In this talk I will introduce two clustering techniques. The first is based on a probabilistic approach allowing to estimate the departure from the random distribution of a stochastic point process. More specifically, I will illustrate the performance of spatio-temporal permutation scan statistics (STPSS) to detect clusters of different geo-environmental events, to locate them in space and in time, and to assess their statistical significance. The second is a data driven technique based on machine learning, namely Self Organising Map (SOM).
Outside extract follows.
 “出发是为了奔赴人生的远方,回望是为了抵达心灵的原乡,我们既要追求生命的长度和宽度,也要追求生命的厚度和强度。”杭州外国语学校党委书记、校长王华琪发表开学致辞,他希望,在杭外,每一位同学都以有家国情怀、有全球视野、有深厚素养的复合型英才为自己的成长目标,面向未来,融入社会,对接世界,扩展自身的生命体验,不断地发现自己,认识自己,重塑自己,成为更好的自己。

SOM is an unsupervised competitive learning neural network allowing to represent a high-dimensional dataset as a two-dimensional discretized pattern; it performs particularly well to identify clusters from a multivariate dataset.
I will demonstrate how these techniques work and how they can be used to identify significant clusters, to characterize patterns and to discover trends in large geo-environmental datasets by introducing three case studies.
STSS is applied to detect the spatio-temporal clusters of landslides causing damage in Switzerland and of flash floods in China. As a fundamental part of these investigations, detected clusters are related with the surrounding meteorological conditions, allowing to identify possible triggering factors. For flash floods in China, the large spatial and temporal scale (daily data from 1950 to 2015) enables considerations in the context of climatic changes.
In the third case study, SOM is applied to the agricultural census data at municipality scale in Western Mediterranean Areas. The codebooks resulting from SOM are then grouped using hierarchical clustering method to form the final partitioning, where similar units are aggregated into larger clusters. At the end of the entire process, results are mapped under a GIS environment, allowing to visualize the revealed patterns over the geographic space.